## Problem requirements:
When you find the line with "进入Kyma Service Management的Catalog界面下,找到从Cloud" among the records below, reproduce it and each line after it exactly, ending with the line with "The top chart".

========================================

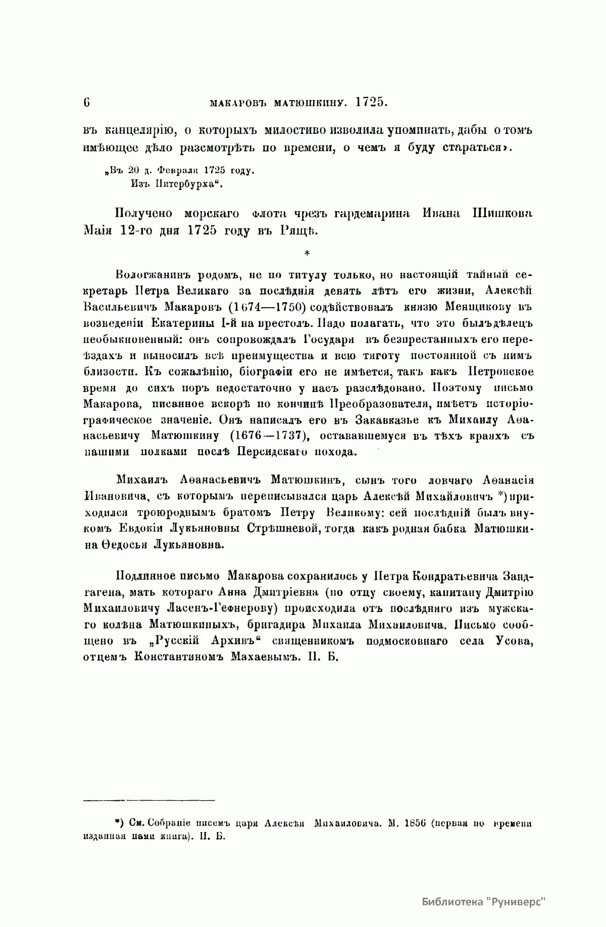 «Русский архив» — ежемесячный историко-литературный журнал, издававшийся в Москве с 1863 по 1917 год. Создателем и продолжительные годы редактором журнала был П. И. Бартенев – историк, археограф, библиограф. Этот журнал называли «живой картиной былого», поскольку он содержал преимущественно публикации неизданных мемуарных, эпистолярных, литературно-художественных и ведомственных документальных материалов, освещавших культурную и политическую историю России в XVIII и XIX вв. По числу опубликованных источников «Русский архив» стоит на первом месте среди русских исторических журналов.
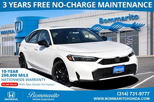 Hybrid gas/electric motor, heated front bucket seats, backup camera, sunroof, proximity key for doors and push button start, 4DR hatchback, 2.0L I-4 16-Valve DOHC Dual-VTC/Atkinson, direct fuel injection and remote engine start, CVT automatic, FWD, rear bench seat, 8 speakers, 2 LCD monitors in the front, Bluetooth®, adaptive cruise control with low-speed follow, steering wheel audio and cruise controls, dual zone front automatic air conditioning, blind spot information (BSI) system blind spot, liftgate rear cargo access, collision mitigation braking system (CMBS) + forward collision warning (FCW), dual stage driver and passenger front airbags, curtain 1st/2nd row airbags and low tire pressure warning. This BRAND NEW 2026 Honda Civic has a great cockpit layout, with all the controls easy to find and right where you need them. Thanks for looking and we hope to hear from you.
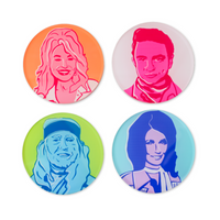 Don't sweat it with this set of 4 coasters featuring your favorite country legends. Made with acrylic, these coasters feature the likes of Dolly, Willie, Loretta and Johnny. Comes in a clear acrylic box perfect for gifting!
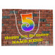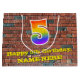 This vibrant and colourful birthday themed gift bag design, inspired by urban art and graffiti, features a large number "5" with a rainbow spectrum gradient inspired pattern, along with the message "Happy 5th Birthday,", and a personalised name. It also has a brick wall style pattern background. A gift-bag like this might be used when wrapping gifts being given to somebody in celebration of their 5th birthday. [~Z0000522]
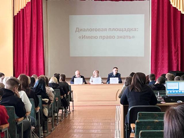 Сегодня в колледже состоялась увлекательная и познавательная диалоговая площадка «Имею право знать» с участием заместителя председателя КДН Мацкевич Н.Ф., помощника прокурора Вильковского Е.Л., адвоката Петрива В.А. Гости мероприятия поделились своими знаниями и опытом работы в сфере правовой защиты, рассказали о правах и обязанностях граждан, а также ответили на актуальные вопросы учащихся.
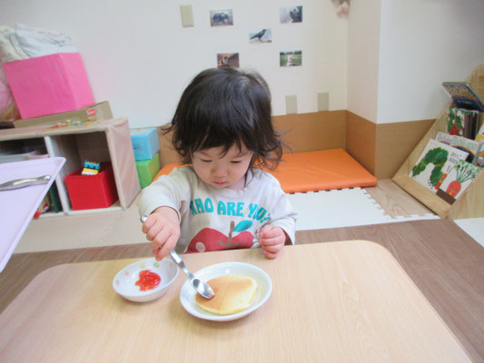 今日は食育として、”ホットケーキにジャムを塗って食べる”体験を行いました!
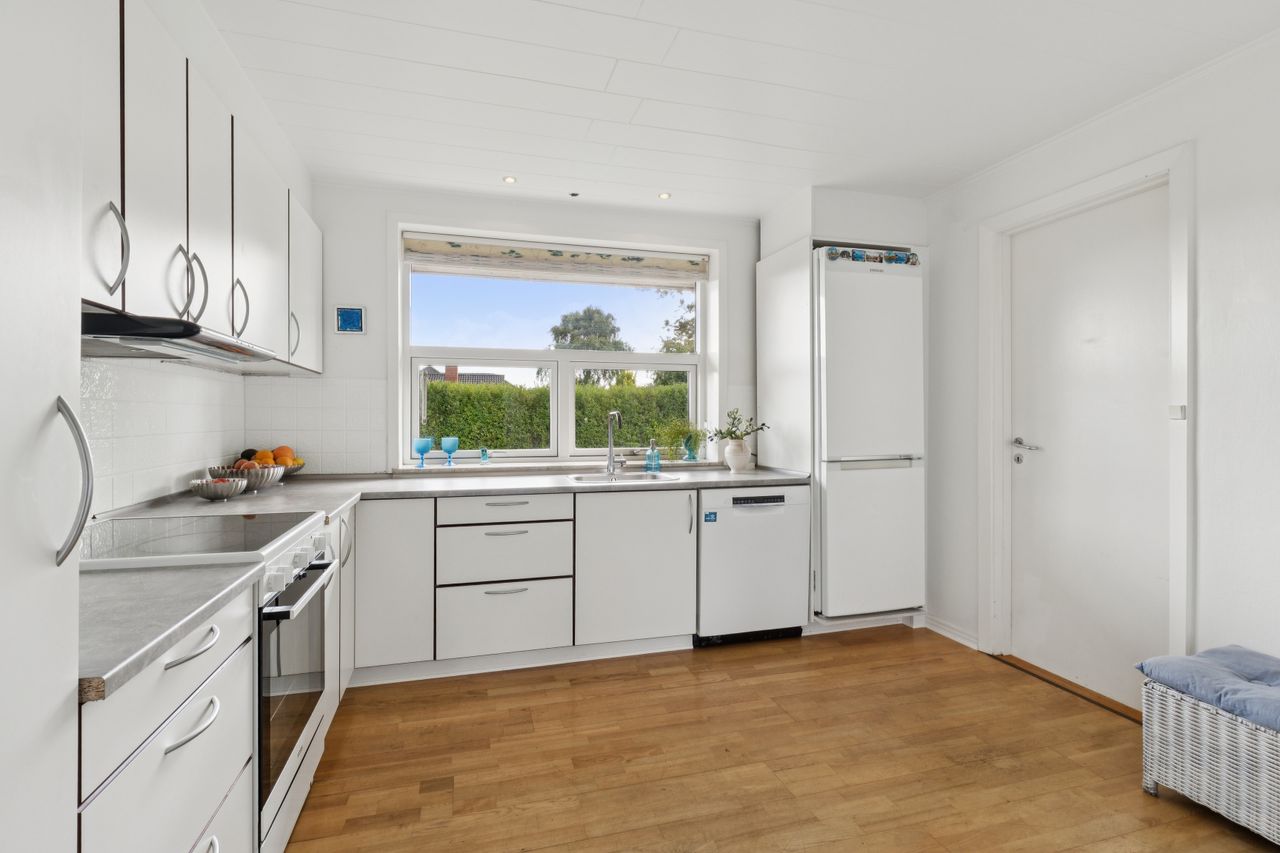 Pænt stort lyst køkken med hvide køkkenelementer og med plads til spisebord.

========================================

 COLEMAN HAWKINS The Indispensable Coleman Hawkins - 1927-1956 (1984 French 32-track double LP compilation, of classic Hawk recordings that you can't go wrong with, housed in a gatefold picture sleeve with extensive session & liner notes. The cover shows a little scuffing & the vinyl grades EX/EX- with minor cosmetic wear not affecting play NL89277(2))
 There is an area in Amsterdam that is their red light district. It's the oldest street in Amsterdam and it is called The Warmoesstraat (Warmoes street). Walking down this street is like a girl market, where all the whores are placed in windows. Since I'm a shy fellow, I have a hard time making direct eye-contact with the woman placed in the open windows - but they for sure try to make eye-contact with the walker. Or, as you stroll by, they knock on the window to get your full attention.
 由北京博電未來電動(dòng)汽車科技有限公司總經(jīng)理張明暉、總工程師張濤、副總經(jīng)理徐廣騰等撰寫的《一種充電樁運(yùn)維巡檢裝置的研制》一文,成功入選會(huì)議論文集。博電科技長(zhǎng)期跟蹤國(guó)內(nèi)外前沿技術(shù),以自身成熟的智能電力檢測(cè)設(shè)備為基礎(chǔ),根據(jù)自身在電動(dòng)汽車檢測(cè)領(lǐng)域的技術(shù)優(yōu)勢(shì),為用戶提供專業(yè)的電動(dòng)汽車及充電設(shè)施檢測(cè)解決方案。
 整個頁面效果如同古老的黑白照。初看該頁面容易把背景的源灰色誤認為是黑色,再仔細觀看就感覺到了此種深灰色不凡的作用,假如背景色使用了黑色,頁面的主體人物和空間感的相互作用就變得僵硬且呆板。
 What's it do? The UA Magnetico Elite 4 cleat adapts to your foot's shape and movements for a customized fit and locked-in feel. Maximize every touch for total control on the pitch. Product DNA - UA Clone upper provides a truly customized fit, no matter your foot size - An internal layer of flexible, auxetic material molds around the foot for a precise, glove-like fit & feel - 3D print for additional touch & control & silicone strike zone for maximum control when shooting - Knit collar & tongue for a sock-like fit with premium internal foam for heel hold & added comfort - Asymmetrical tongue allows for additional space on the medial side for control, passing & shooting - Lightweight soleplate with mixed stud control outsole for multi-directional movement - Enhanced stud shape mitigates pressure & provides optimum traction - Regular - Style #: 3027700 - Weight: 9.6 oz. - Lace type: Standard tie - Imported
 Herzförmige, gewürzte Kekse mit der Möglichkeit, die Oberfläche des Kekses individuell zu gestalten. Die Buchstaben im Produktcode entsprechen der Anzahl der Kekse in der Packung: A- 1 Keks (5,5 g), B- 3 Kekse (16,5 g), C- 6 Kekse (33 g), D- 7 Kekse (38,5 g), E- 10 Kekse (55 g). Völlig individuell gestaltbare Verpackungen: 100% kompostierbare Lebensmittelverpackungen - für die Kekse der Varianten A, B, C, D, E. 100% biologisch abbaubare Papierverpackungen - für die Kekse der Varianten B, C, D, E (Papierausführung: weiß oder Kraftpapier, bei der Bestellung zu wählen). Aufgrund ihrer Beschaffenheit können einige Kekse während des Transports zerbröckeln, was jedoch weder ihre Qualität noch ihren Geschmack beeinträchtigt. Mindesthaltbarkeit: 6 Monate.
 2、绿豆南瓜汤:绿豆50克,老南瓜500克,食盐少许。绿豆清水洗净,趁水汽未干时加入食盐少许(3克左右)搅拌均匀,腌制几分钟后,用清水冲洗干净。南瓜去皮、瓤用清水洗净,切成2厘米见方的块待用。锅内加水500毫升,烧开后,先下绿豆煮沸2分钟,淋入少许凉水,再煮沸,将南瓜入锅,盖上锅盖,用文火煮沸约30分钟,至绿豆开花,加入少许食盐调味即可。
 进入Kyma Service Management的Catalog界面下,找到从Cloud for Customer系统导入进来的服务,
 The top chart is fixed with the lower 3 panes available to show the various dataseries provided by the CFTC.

========================================

## Output for this exercise:
 进入Kyma Service Management的Catalog界面下,找到从Cloud for Customer系统导入进来的服务,
 The top chart is fixed with the lower 3 panes available to show the various dataseries provided by the CFTC.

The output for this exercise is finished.